After the uproar over Grant, Bouron spent some time in Palm Springs, with The Desert Sun reporting that she was “known for association with the entertainment element and nightlife world of the area.” In March 1972, she popped up in the gossip columns for the last time, for going to a party hosted by Jolie Gabor, which was attended by her daughter Eva, Rock Hudson, and Prince Umberto de Poliolo.

By March 1973, she was back in Los Angeles. In her mysterious final days, Bouron may have known she was in danger. According to Strom, who was then three, her mother had sent her to stay with a family friend a couple of weeks before the murder.

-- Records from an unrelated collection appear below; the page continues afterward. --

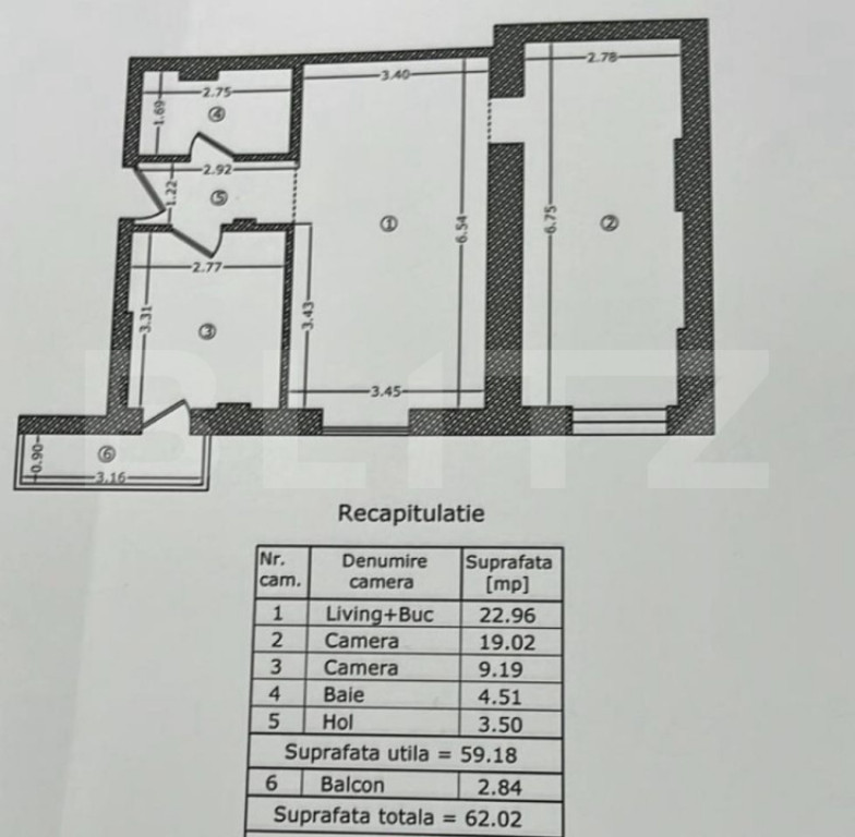 Suprafața utilă 59 m²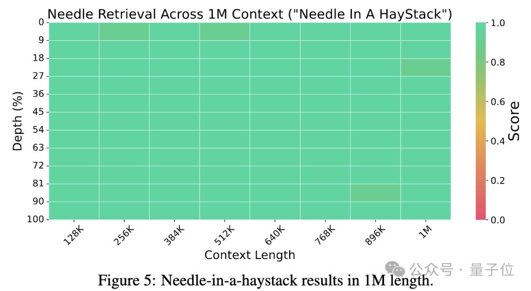 将3B的YOCO模型扩展到上下文为1M,在“大海捞针”等长序列的needle retrieval任务上,YOCO-3B-1M的准确率接近100%。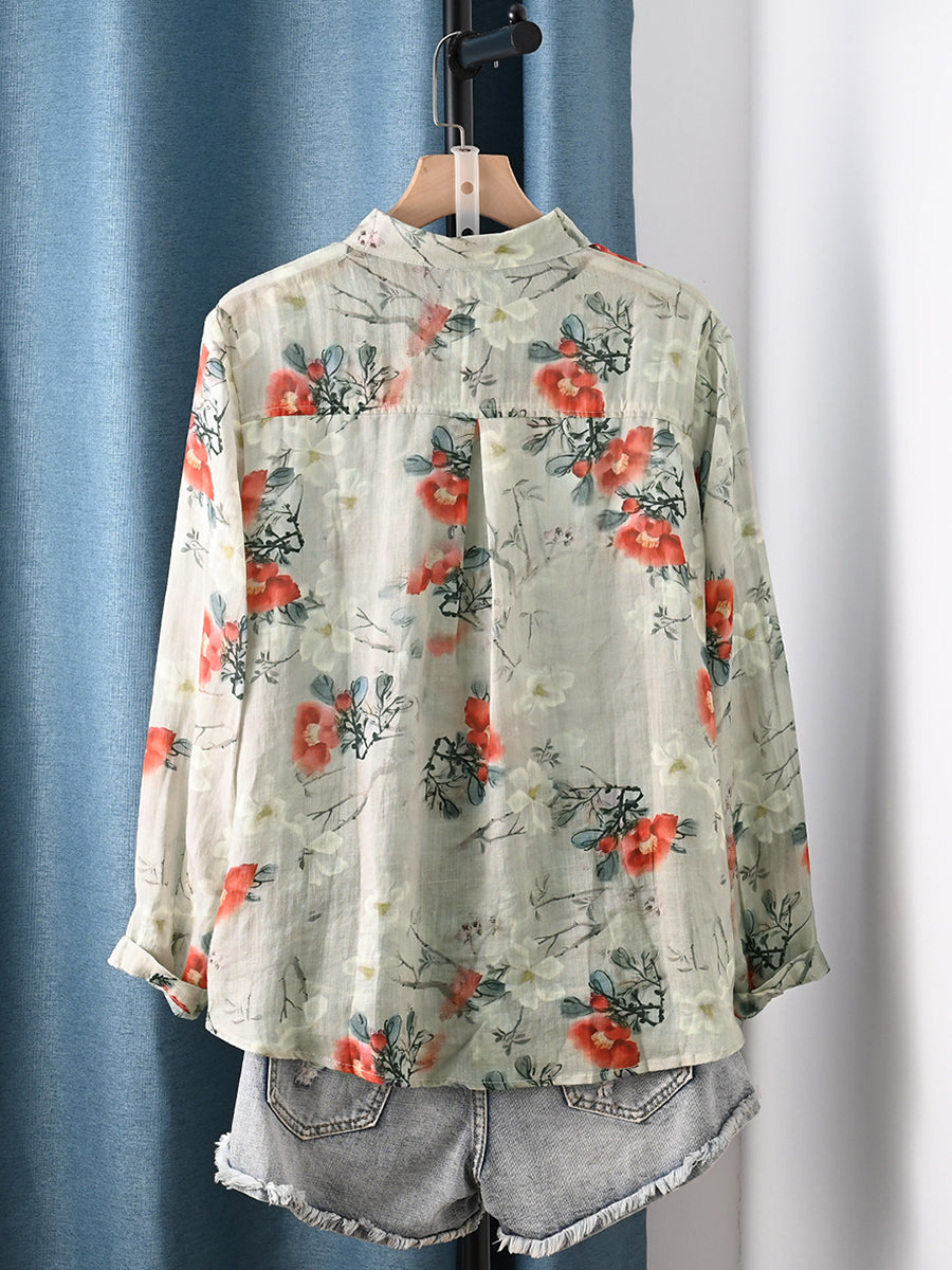 חולצת קיץ לנשים עם צווארון פרחוני אומנותי 100% רמי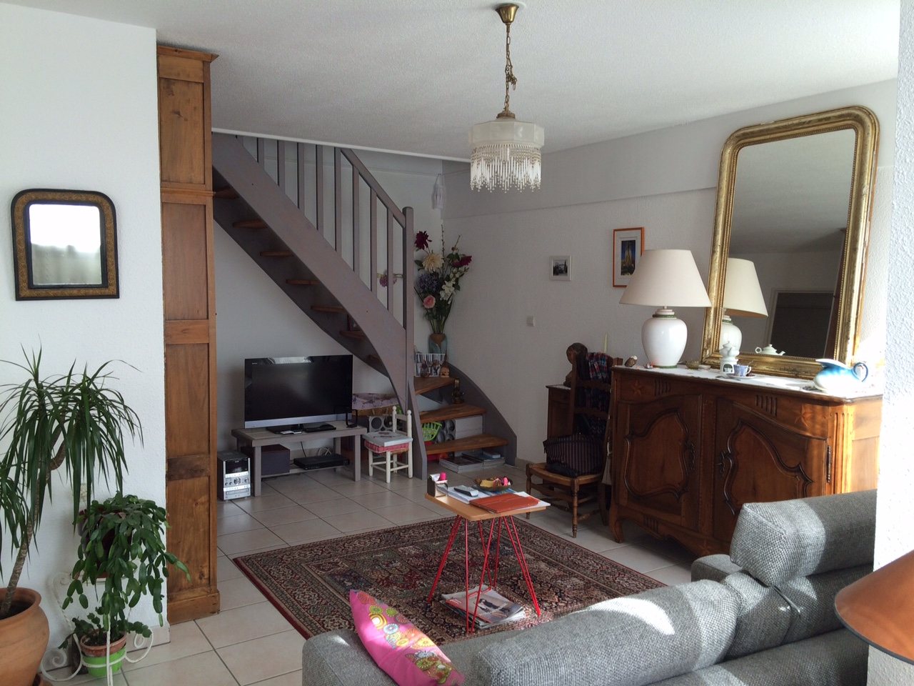 Toulouse, rue Raymond Corraze, dans résidence sécurisée, à deux pas de la Place de L'Ormeau, appartement duplex en dernier étage de 75.73 m² composé d'une entrée avec rangement, grande et belle pièce à vivre avec cuisine ouverte et aménagée donnant sur une terrasse lumineuse. A l'étage, deux chambres, un dressing. Salle de bain, Salle de douche et toilettes séparés. 2 places de stationnement. Libre immédiatement. Loyer charges comprises: 854 euros Dépôt de garantie: 784 euros Honoraire TTC à la charge du locataire 917 euros dont 211 euros d'honoraires d'état des lieux.

“You wouldn’t want to be in my shoes.”

On October 20, Bouron’s teenage sons reported her missing after not having seen her for three days. Ten days later: the awful discovery. According to Strom, Bouron was bound in the incaprettamento fashion of the Italian Mafia, which causes strangulation. “It’s the final diss, like showing disrespect,” she says. “It’s like warning everyone else who might think of crossing them, they’re making an example out of this person, even after they’re gone. It’s all about sending that cold message: Betray us and this is what you get.”

In the days after Bouron’s murder, police interviewed unnamed suspects. Then: silence. Bouron’s mother allegedly hired her own private investigator, traveling to Los Angeles in an attempt to find her daughter’s killer, but her efforts were in vain. There was speculation that she was killed by a Milošević associate or an abusive boyfriend. Today, her murder is still unsolved.

The L.A.P.D. would not comment on the crime, stating only that “the case is currently marked unsolved.” Years ago, Strom had friends in public service look into the case, and attempted to piece together her fractured memories for any clues, but she has yet to find any leads.

After her mother’s death, Strom was adopted by a family in San Diego and arrived at her new home in beautiful clothes supplied by her grandmother. Throughout her childhood, her grandmother would visit her, telling her stories of a mother she was not sure she remembered. Storm did not learn what happened until she was a teenager. “I became what some would say rebellious as a teenager, and my [adoptive] mom said, ‘You’re going to end up tied up and dead in the trunk of your own car, just like your mother, like Cynthia Bouron,’” she says. “That was the day I found out what happened to my mother and why I was adopted.”

Bouron and her daughter, Stephanie, in the early 1970s.

Strom repeated many of her mother’s patterns, becoming mixed up in the seedy side of Los Angeles’s entertainment scene and abusive relationships. “It’s like this generational curse,” she says. A decade ago, she left that painful life behind. “I wanted my nieces to have a triumphant story about their aunt instead of a tragic one like I had about my mom.”

“If you’re a good person stuck in something bad, I’m sure you’d look for a way out,” says Strom. “We need to understand that Cynthia Bouron never found that chance.”

Strom is still looking to locate her brothers, Eric and Marc, who disappeared after Bouron’s murder. Since she was so young at the time of the murder, she does not remember them. One family friend believes they were sent by Bouron’s family to boarding school in the Midwest after the death.

While she tries to live in the moment, she would like for the case to be re-examined. “I hate that it was never solved,” Strom says. “I imagine somebody’s still out there.”